-- Opening Marker --

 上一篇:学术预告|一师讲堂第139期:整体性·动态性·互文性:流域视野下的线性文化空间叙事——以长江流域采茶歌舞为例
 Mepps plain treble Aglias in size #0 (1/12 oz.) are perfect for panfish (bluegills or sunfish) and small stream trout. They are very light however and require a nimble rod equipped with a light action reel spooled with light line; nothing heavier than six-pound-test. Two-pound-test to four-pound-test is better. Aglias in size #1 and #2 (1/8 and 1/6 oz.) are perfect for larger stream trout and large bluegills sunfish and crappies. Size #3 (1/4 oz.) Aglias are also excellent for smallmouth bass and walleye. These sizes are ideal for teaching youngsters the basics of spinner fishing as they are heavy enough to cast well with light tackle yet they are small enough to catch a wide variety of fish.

-- Closing Marker --
-- Opening Marker --

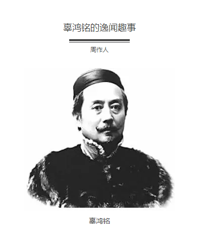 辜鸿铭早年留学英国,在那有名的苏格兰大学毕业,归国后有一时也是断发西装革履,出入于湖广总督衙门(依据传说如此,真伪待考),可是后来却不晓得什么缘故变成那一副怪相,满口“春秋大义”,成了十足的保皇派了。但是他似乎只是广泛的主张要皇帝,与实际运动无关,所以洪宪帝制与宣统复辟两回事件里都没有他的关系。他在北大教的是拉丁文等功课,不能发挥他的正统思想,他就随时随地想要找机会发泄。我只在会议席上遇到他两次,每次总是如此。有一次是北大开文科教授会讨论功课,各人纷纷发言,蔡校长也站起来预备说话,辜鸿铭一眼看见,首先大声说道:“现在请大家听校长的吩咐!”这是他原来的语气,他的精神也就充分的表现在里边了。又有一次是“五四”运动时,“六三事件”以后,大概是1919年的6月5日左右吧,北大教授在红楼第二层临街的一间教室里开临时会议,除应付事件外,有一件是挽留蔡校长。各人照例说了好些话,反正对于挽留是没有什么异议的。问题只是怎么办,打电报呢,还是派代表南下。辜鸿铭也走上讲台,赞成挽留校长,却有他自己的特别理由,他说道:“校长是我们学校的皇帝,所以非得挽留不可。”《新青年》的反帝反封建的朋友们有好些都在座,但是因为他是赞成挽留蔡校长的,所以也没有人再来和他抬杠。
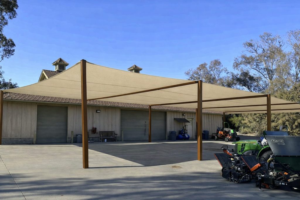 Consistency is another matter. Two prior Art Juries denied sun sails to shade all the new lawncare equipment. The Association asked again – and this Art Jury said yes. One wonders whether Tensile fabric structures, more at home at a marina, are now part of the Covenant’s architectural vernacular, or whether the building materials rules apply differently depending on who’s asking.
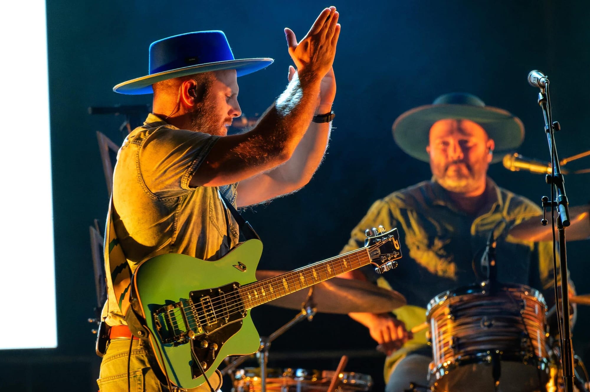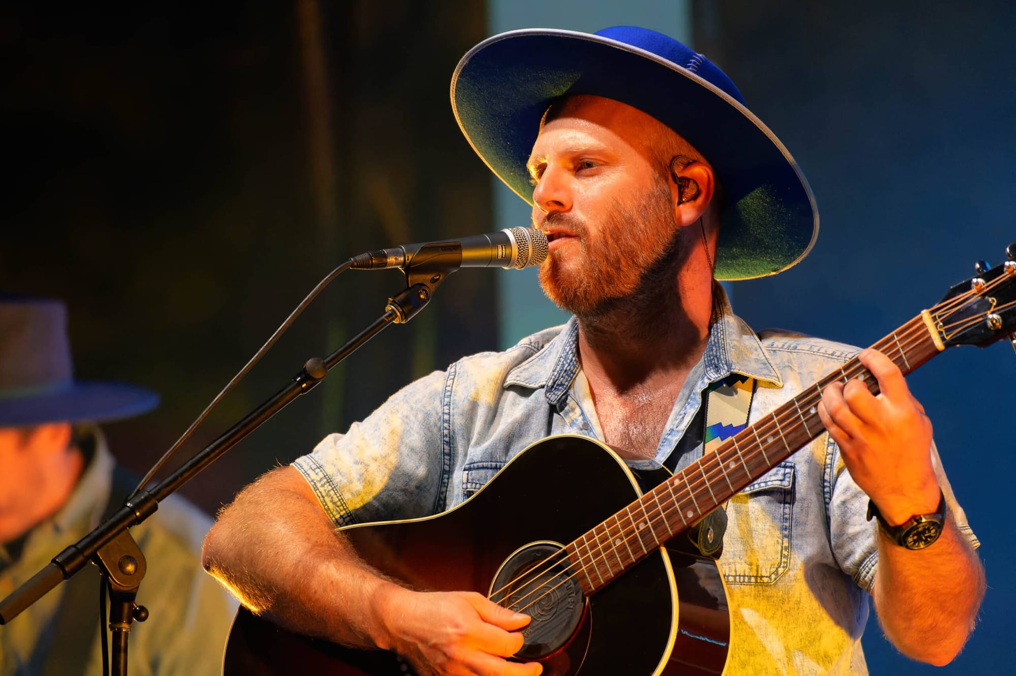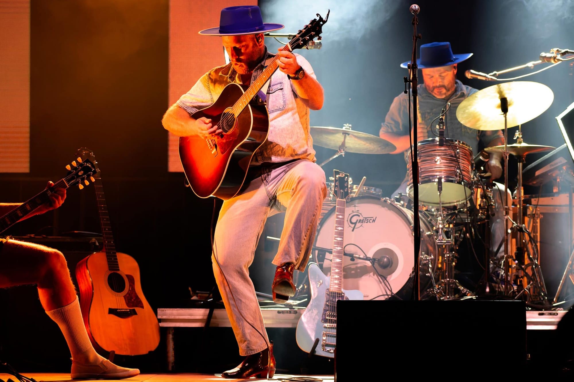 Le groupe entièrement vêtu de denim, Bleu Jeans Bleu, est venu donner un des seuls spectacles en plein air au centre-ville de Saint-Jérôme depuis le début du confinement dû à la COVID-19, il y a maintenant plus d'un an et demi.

-- Closing Marker --

Output only an exact transcription of the lines above from the one with "上一篇:学术预告|一师讲堂第" up to and including the one with "Mepps plain treble".

 上一篇:学术预告|一师讲堂第139期:整体性·动态性·互文性:流域视野下的线性文化空间叙事——以长江流域采茶歌舞为例
 Mepps plain treble Aglias in size #0 (1/12 oz.) are perfect for panfish (bluegills or sunfish) and small stream trout. They are very light however and require a nimble rod equipped with a light action reel spooled with light line; nothing heavier than six-pound-test. Two-pound-test to four-pound-test is better. Aglias in size #1 and #2 (1/8 and 1/6 oz.) are perfect for larger stream trout and large bluegills sunfish and crappies. Size #3 (1/4 oz.) Aglias are also excellent for smallmouth bass and walleye. These sizes are ideal for teaching youngsters the basics of spinner fishing as they are heavy enough to cast well with light tackle yet they are small enough to catch a wide variety of fish.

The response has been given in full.